• _Required work_
Using the records below, write out only the lines from the line containing "Ludwigshafen, Allemagne - Pessac, France" up to and including the line containing "ش: هذا عطف على", exactly, with no pictures.

-- Data records follows --

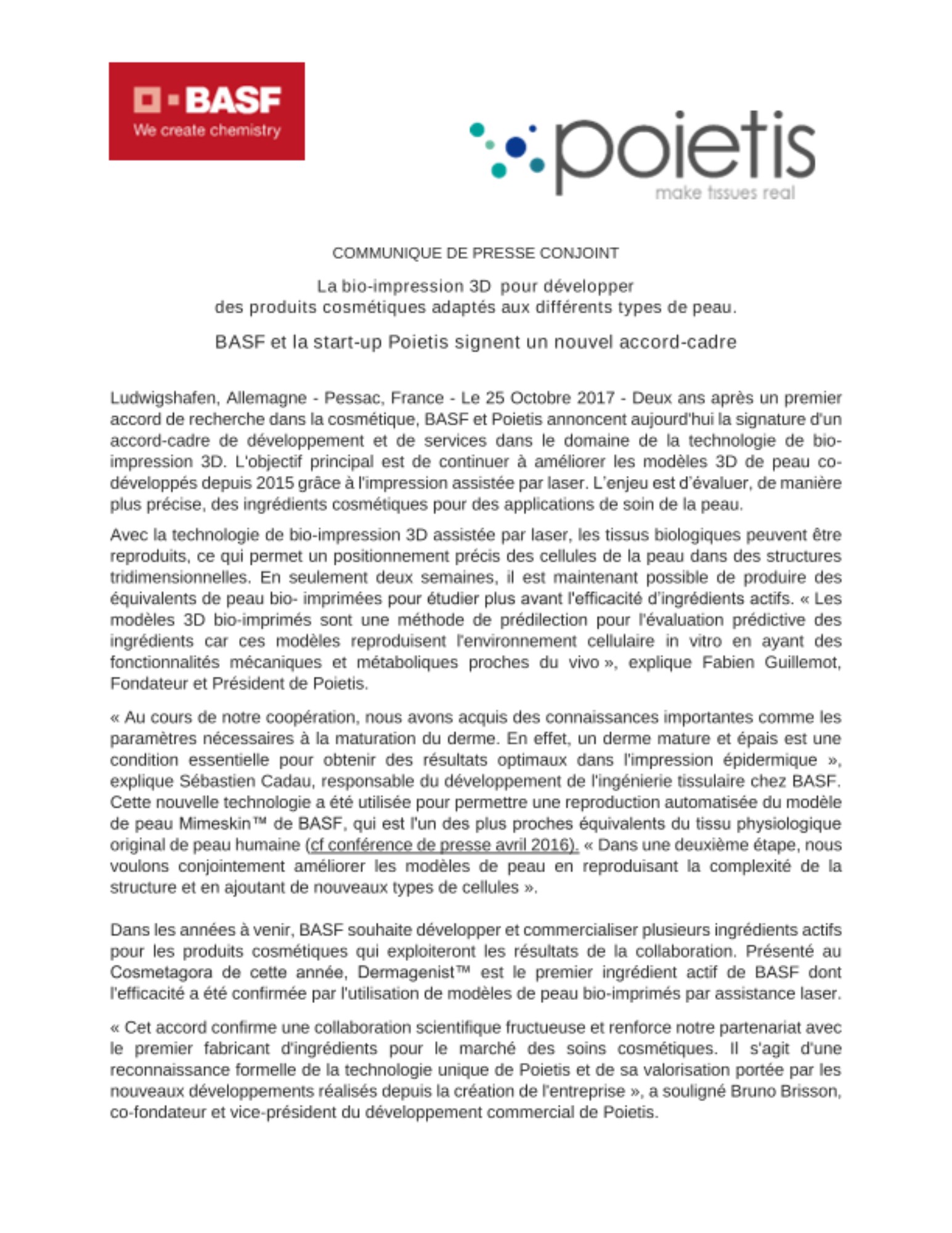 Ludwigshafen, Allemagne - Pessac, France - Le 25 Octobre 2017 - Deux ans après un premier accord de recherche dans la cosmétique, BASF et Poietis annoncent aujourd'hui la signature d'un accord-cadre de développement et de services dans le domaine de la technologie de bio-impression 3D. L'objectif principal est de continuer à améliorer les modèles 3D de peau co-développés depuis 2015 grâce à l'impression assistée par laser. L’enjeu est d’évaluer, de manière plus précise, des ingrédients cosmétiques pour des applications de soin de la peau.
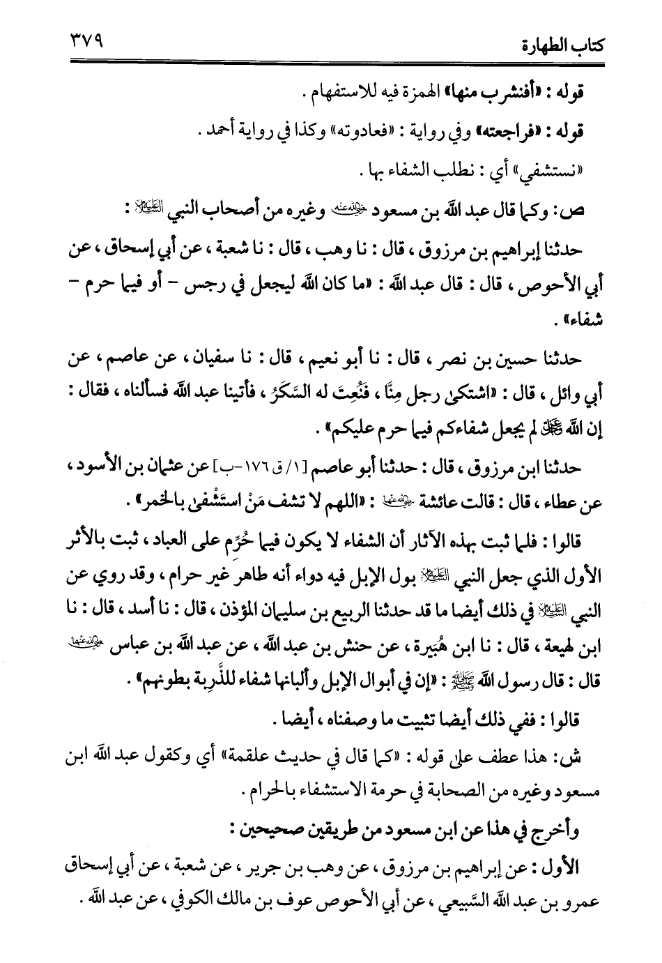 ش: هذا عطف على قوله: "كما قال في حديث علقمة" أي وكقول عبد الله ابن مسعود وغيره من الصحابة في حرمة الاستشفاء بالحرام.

-- Data records concluded --
-- Data records follows --

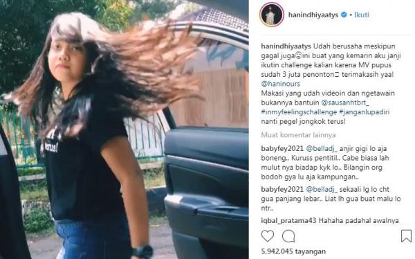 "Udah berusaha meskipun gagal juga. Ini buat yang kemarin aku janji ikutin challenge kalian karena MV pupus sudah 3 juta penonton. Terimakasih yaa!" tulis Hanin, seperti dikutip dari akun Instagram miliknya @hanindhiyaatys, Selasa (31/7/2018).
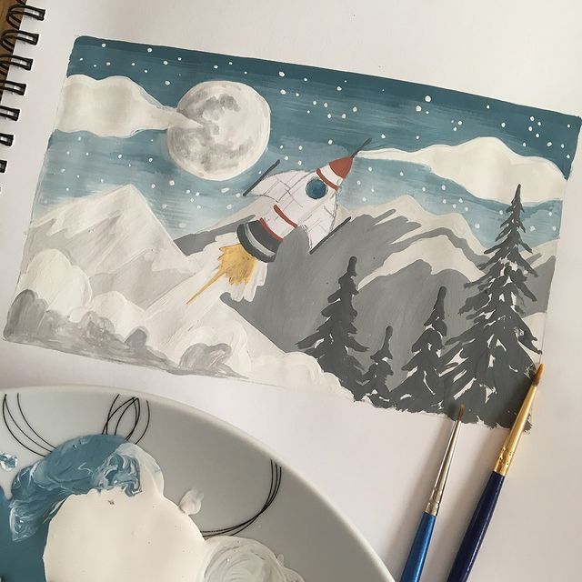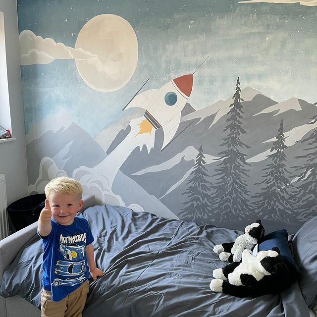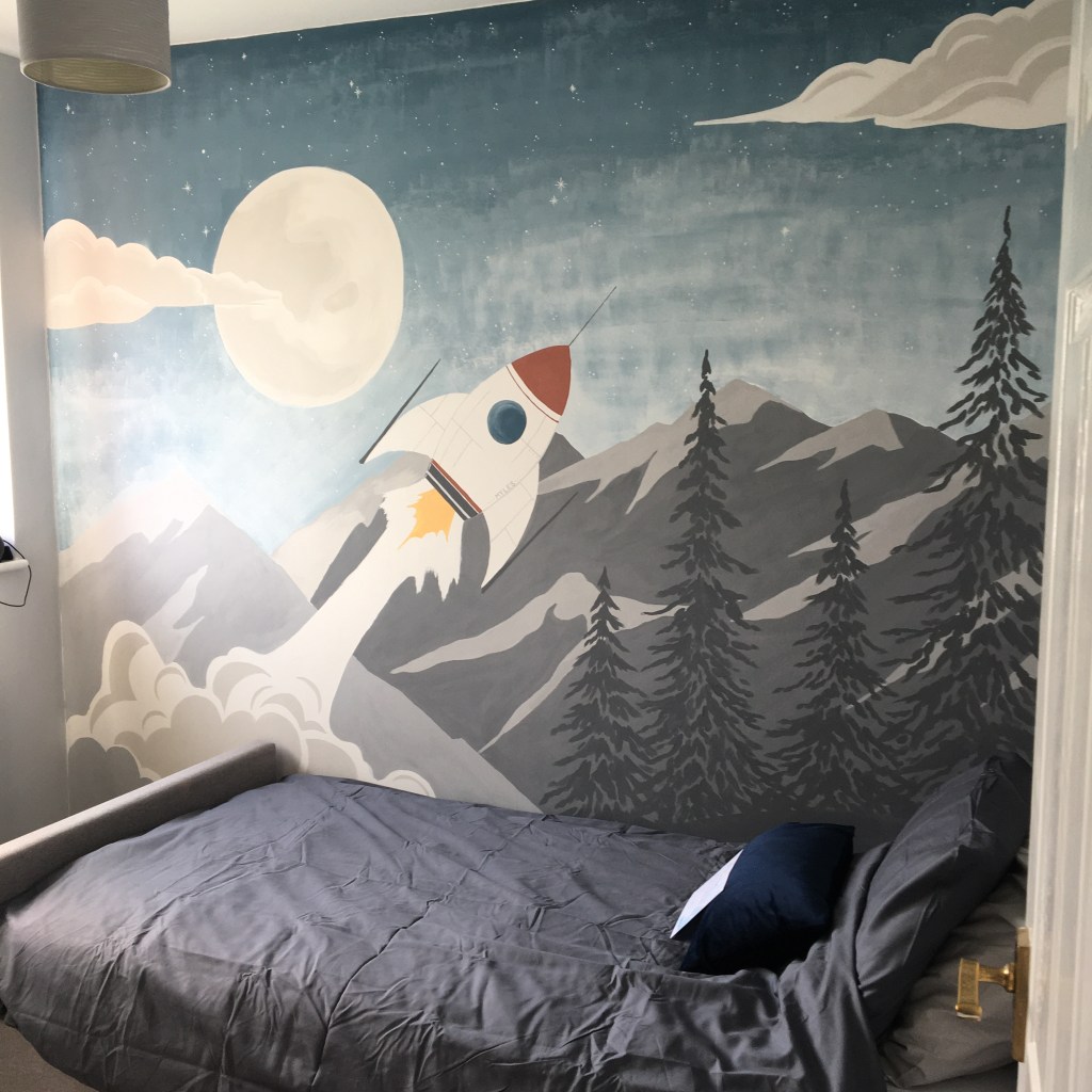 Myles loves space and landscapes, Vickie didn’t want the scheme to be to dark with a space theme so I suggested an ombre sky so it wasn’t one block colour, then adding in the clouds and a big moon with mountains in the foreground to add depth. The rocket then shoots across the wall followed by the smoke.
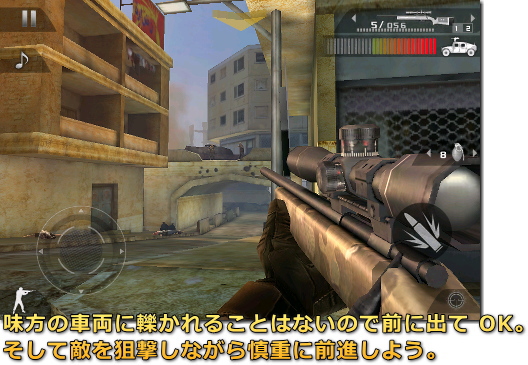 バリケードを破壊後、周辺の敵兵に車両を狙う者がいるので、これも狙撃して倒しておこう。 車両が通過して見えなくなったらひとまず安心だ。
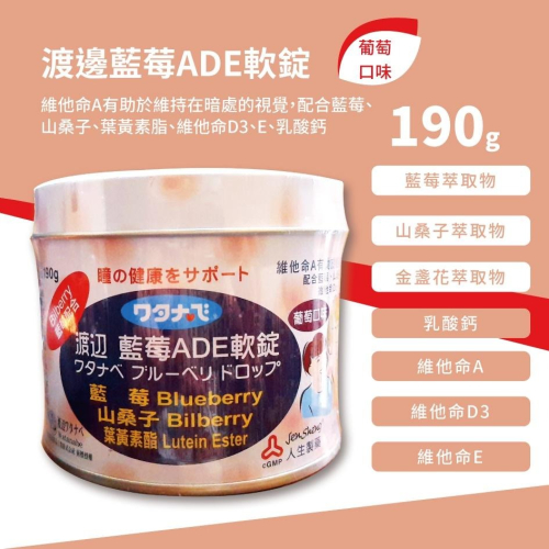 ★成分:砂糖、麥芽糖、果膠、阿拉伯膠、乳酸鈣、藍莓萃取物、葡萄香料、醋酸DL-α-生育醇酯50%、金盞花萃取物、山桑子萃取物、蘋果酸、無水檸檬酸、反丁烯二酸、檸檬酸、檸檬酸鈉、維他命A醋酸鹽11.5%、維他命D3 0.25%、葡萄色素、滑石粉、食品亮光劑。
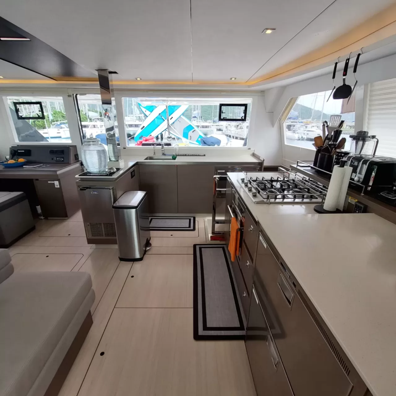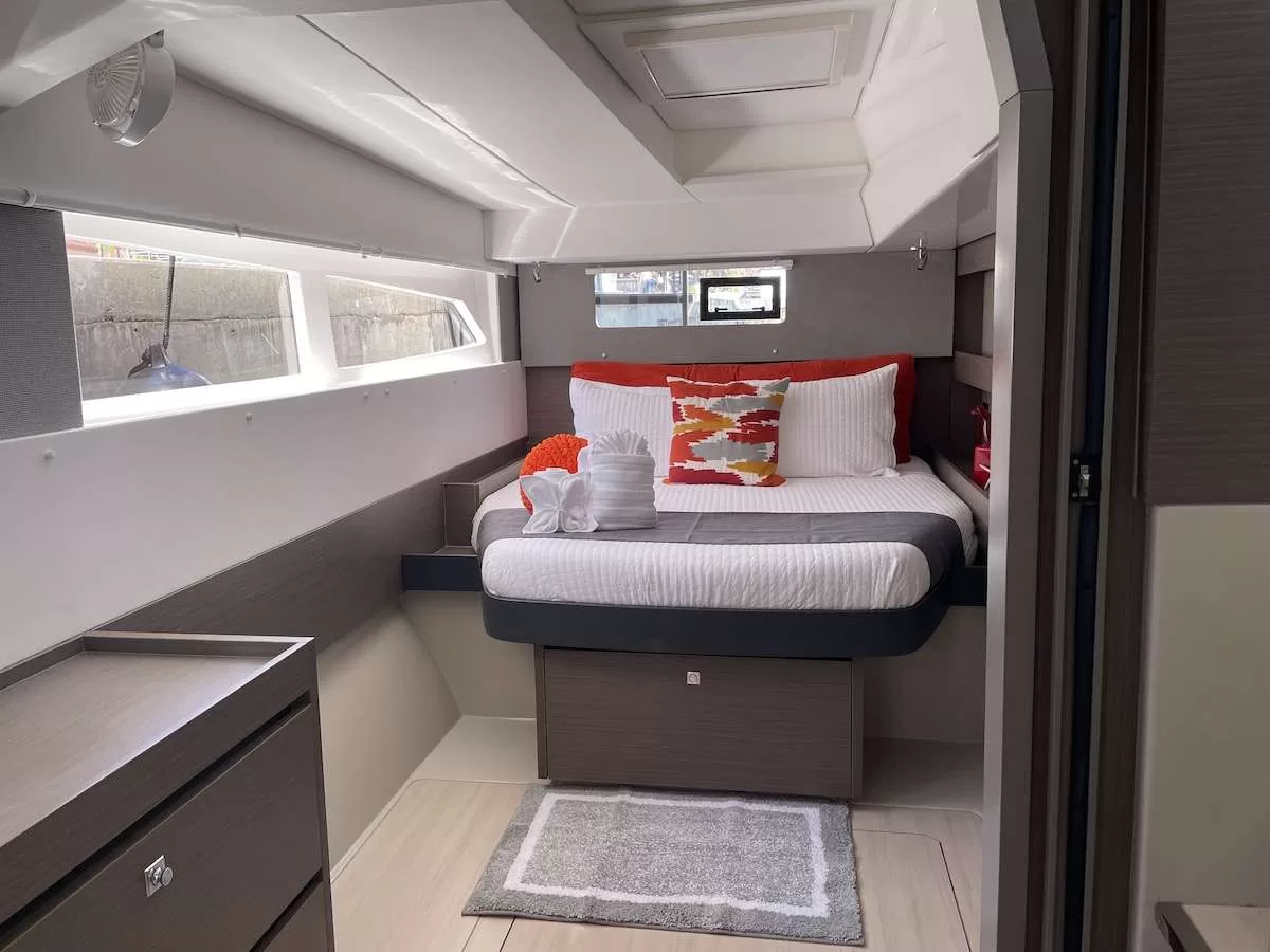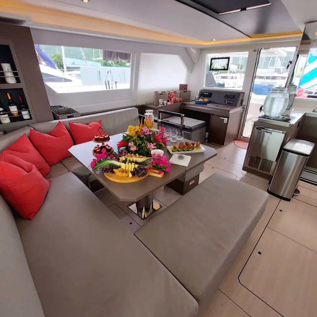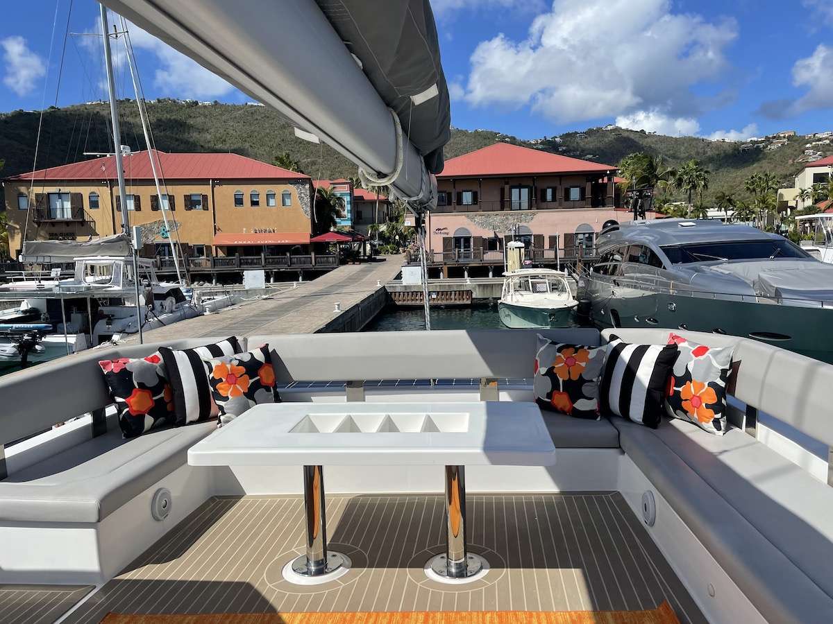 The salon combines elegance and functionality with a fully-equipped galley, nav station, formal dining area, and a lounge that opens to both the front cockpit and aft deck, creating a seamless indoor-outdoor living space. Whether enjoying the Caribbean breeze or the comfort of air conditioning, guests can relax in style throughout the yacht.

-- Data records concluded --
-- Data records follows --

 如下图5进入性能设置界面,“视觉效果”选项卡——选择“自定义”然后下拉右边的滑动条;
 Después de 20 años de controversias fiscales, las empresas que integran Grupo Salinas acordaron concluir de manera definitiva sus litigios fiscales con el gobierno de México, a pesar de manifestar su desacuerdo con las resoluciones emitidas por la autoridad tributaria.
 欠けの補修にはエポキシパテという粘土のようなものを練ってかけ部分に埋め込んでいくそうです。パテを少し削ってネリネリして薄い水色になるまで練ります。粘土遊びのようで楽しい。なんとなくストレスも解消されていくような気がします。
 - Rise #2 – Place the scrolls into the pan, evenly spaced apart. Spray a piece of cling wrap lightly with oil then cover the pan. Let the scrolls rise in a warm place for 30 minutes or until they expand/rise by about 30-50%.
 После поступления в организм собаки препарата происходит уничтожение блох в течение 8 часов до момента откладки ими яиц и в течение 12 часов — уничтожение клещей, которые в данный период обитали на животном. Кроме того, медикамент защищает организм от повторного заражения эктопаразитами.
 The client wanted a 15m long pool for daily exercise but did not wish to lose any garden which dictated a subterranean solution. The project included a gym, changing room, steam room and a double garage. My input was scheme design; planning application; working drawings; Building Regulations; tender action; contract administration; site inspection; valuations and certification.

-- Data records concluded --

• _Solution to the problem_
 Ludwigshafen, Allemagne - Pessac, France - Le 25 Octobre 2017 - Deux ans après un premier accord de recherche dans la cosmétique, BASF et Poietis annoncent aujourd'hui la signature d'un accord-cadre de développement et de services dans le domaine de la technologie de bio-impression 3D. L'objectif principal est de continuer à améliorer les modèles 3D de peau co-développés depuis 2015 grâce à l'impression assistée par laser. L’enjeu est d’évaluer, de manière plus précise, des ingrédients cosmétiques pour des applications de soin de la peau.
 ش: هذا عطف على قوله: "كما قال في حديث علقمة" أي وكقول عبد الله ابن مسعود وغيره من الصحابة في حرمة الاستشفاء بالحرام.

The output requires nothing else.